__TASK ITEM__:
Restate the listing below line for line and word for word, without the pictures.

__SOURCE MATERIAL__:

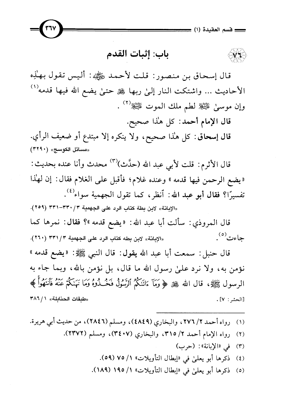 قال حنبل: سمعت أبا عبد اللَّه يقول: قال النبي -صلى اللَّه عليه وسلم-: "يضع قدمه" نؤمن به، ولا نرد على رسول اللَّه ما قال، بل نؤمن باللَّه، وبما جاء به الرسول صلى اللَّه عليه وسلم، قال اللَّه {وَمَا آتَاكُمُ الرَّسُولُ فَخُذُوهُ وَمَا نَهَاكُمْ عَنْهُ فَانْتَهُوا} [الحشر: 7].
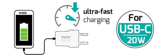 Den raske ladeprotokollen leverer opptil 20 W via USB-C Power Delivery™.
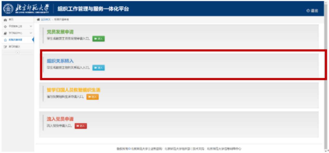 在学校组织工作管理一体化平台(zzbgz.liulishe.net)中填写转入信息。用户名和密码与本人信息门户登录信息一致,也可以从学校官网-信息门户-左侧“常用应用”的“组织工作管理系统”中登录。登陆系统后,选择“权限开通申请”——“组织关系转入”,填写本人基本信息及组织关系转入信息。学部党委和校党委组织部逐级审核后,即可完成转入。

__WRITTEN REPLY__:
 قال حنبل: سمعت أبا عبد اللَّه يقول: قال النبي -صلى اللَّه عليه وسلم-: "يضع قدمه" نؤمن به، ولا نرد على رسول اللَّه ما قال، بل نؤمن باللَّه، وبما جاء به الرسول صلى اللَّه عليه وسلم، قال اللَّه {وَمَا آتَاكُمُ الرَّسُولُ فَخُذُوهُ وَمَا نَهَاكُمْ عَنْهُ فَانْتَهُوا} [الحشر: 7].
 Den raske ladeprotokollen leverer opptil 20 W via USB-C Power Delivery™.
 在学校组织工作管理一体化平台(zzbgz.liulishe.net)中填写转入信息。用户名和密码与本人信息门户登录信息一致,也可以从学校官网-信息门户-左侧“常用应用”的“组织工作管理系统”中登录。登陆系统后,选择“权限开通申请”——“组织关系转入”,填写本人基本信息及组织关系转入信息。学部党委和校党委组织部逐级审核后,即可完成转入。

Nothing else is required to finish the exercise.